WHAT YOU NEED TO DO: Omitting all images, transcribe the listing word for word.

RECORDED INFORMATION:
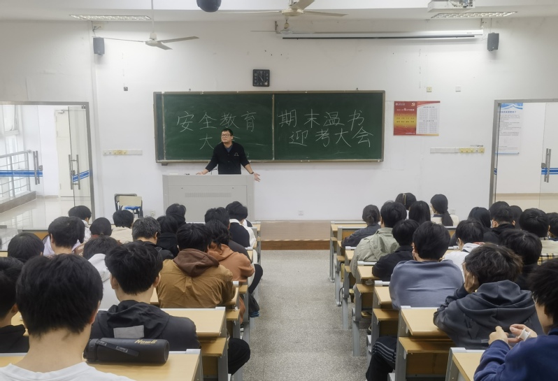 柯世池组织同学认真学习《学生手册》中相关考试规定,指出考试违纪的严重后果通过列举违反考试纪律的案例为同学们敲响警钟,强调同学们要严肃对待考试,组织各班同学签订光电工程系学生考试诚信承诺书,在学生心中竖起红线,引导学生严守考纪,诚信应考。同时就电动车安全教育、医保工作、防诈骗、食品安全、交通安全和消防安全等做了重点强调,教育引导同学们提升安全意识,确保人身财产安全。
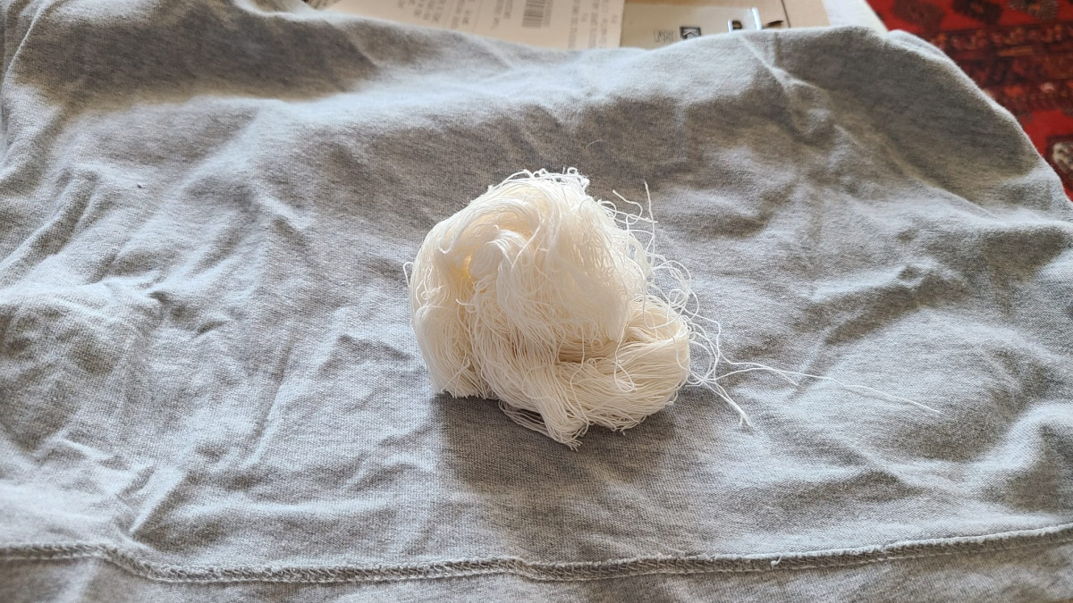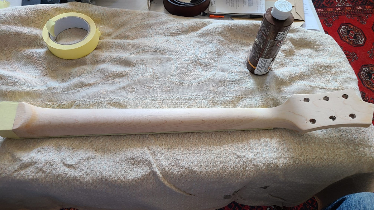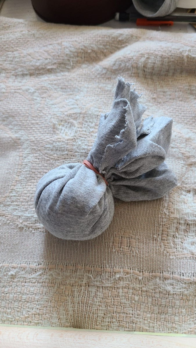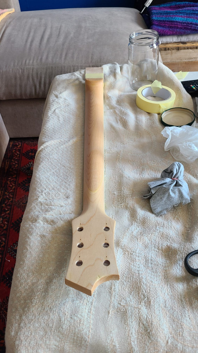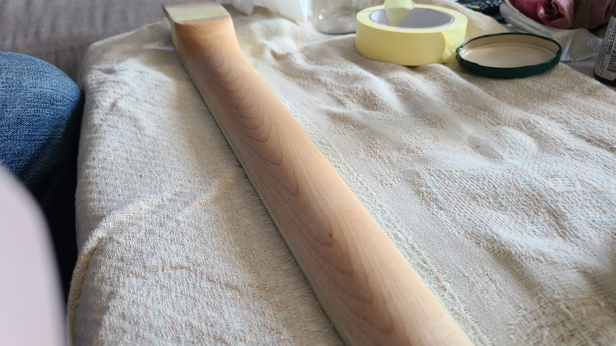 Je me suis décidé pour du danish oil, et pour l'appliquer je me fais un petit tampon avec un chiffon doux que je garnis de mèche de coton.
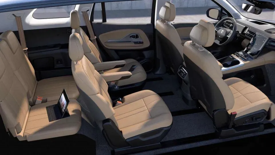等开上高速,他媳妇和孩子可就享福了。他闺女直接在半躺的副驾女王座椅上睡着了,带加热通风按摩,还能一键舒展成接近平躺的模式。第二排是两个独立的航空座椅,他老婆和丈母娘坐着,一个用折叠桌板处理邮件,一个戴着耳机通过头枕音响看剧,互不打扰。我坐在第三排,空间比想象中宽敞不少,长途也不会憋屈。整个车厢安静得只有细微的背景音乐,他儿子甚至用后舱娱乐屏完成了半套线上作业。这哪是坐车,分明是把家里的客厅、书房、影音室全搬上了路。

FINISHED EXERCISE:
 柯世池组织同学认真学习《学生手册》中相关考试规定,指出考试违纪的严重后果通过列举违反考试纪律的案例为同学们敲响警钟,强调同学们要严肃对待考试,组织各班同学签订光电工程系学生考试诚信承诺书,在学生心中竖起红线,引导学生严守考纪,诚信应考。同时就电动车安全教育、医保工作、防诈骗、食品安全、交通安全和消防安全等做了重点强调,教育引导同学们提升安全意识,确保人身财产安全。
 Je me suis décidé pour du danish oil, et pour l'appliquer je me fais un petit tampon avec un chiffon doux que je garnis de mèche de coton.
等开上高速,他媳妇和孩子可就享福了。他闺女直接在半躺的副驾女王座椅上睡着了,带加热通风按摩,还能一键舒展成接近平躺的模式。第二排是两个独立的航空座椅,他老婆和丈母娘坐着,一个用折叠桌板处理邮件,一个戴着耳机通过头枕音响看剧,互不打扰。我坐在第三排,空间比想象中宽敞不少,长途也不会憋屈。整个车厢安静得只有细微的背景音乐,他儿子甚至用后舱娱乐屏完成了半套线上作业。这哪是坐车,分明是把家里的客厅、书房、影音室全搬上了路。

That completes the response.